(Exercise description)
Exclude all pictures, then write out exactly the lines below from the first one through the line with "進料:首先通過進料裝置將膠帶".

Data items:
======
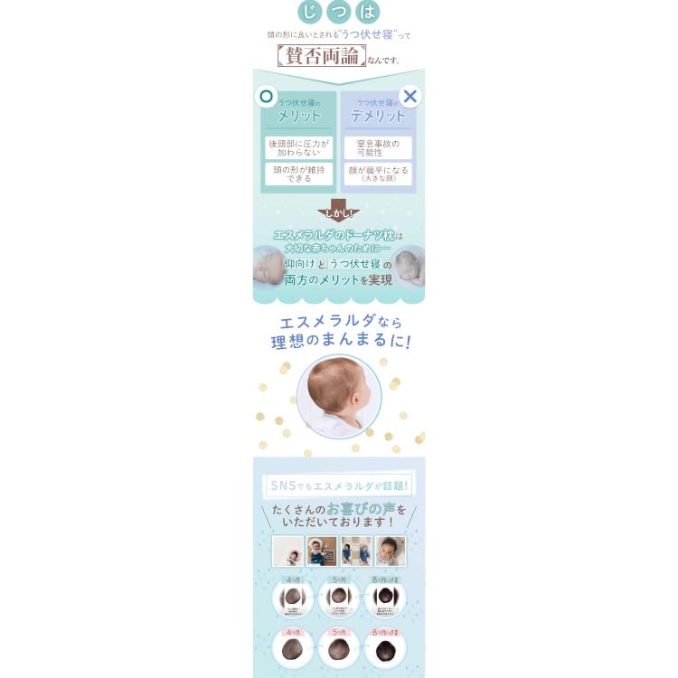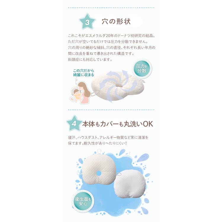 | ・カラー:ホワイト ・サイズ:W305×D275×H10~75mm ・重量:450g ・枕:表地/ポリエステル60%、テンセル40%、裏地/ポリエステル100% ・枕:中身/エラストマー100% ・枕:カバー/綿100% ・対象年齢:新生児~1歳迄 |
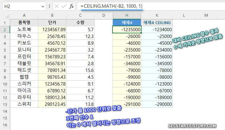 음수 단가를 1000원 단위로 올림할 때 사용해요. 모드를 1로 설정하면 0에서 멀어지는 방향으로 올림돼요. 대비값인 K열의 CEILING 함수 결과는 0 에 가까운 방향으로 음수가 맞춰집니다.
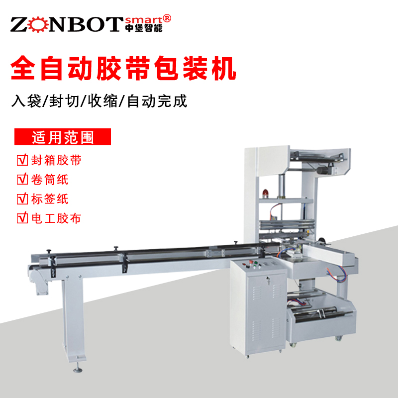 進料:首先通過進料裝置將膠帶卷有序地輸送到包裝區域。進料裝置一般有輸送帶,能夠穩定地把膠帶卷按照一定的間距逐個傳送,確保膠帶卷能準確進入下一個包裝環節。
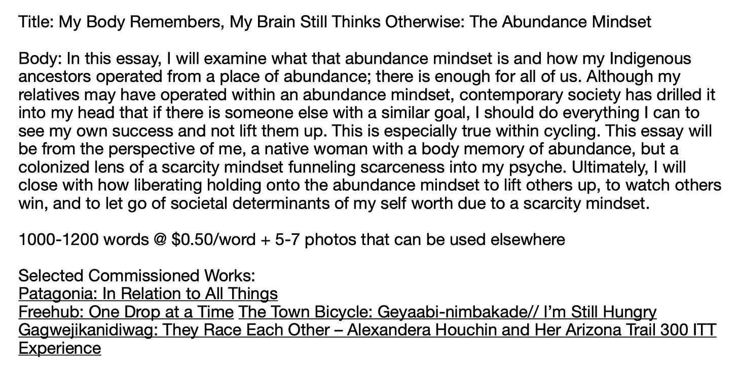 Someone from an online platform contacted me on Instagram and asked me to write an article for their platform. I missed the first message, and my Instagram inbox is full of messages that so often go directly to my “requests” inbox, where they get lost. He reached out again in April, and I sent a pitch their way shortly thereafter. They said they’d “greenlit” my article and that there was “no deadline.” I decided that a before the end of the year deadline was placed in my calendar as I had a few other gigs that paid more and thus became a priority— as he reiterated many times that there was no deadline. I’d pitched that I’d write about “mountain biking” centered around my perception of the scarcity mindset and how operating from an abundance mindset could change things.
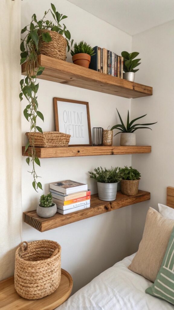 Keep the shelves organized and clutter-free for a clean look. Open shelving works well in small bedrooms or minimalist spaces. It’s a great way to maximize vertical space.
======
(Solution to the exercise)
 | ・カラー:ホワイト ・サイズ:W305×D275×H10~75mm ・重量:450g ・枕:表地/ポリエステル60%、テンセル40%、裏地/ポリエステル100% ・枕:中身/エラストマー100% ・枕:カバー/綿100% ・対象年齢:新生児~1歳迄 |
 음수 단가를 1000원 단위로 올림할 때 사용해요. 모드를 1로 설정하면 0에서 멀어지는 방향으로 올림돼요. 대비값인 K열의 CEILING 함수 결과는 0 에 가까운 방향으로 음수가 맞춰집니다.
 進料:首先通過進料裝置將膠帶卷有序地輸送到包裝區域。進料裝置一般有輸送帶,能夠穩定地把膠帶卷按照一定的間距逐個傳送,確保膠帶卷能準確進入下一個包裝環節。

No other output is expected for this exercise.